Make Ningxia wine the real deal

Ningxia_map

Q: Which wine region has 80,000 acres of vines on the edge of a desert?

A: Ningxia, China.

Yes, Ningxia wine has been getting some media attention this year and rightly so: eye-popping growth with high quality ambitions and a somewhat unlikely place–500 miles inland from Beijing in a desolate, arid area on the edge of the Gobi Desert–make for a good story.

The Times ran a couple of stories yesterday, including a piece of what’s been going on of late (rampant planting), who’s there (the French), and where the locals are getting their savoir faire (France again). Eric Asimov also tastes some wines from the region that were brought back by Jane Sasseen who wrote the first story. Asimov finds the wines “competently made” and “very drinkable.”

But if Ningxia aims to be “the next Napa Valley,” as they do with their focus on estate wines, the Ningxia wine bureau (yes there is such a thing) should take a page from Napa’s playbook and pass reforms that make it so Ningxia wines can only be made with grapes from the region.
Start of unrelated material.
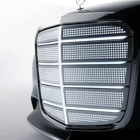 Com sua ampla moldura cromada, estrutura em treliça de vidro fumê e iluminação integrada no contorno, a grade icônica funde herança e modernidade digital, irradiando presença, status e um forte senso de identidade da marca. Esta nova face da empresa foi apresentada pela primeira vez no novo GLC elétrico em setembro de 2025 e o Vision Iconic reforça essa forte presença ao iluminar também a estrela vertical no capô.

That would help producers in their pursuit of building their awareness of their region since labeling laws are quite weak in China, allowing not only grapes from other regions but even other countries to be blended in to wines marketed as “Chinese wines.” (I think a wine only has to have 10% wine from China to be labeled “Chinese wine” so the labeling laws are quite weak.) Intellectual property protection has not been China’s strong suit, but maybe the current shift away from manufacturing and toward a consumer economy might make them want to imbue their own place names with greater meaning.

Napa Valley had problems with grapes from lower-priced regions being brought in and sold as Napa wines so the producers united and litigated all the way to the state Supreme Court. Now, Napa on the bottle means Napa in the bottle, something that helps producers with their brand building and consumers in knowing what they’re getting. The Ningxia wineries should push for similar standards if it aims to have its wines compete on the world stage.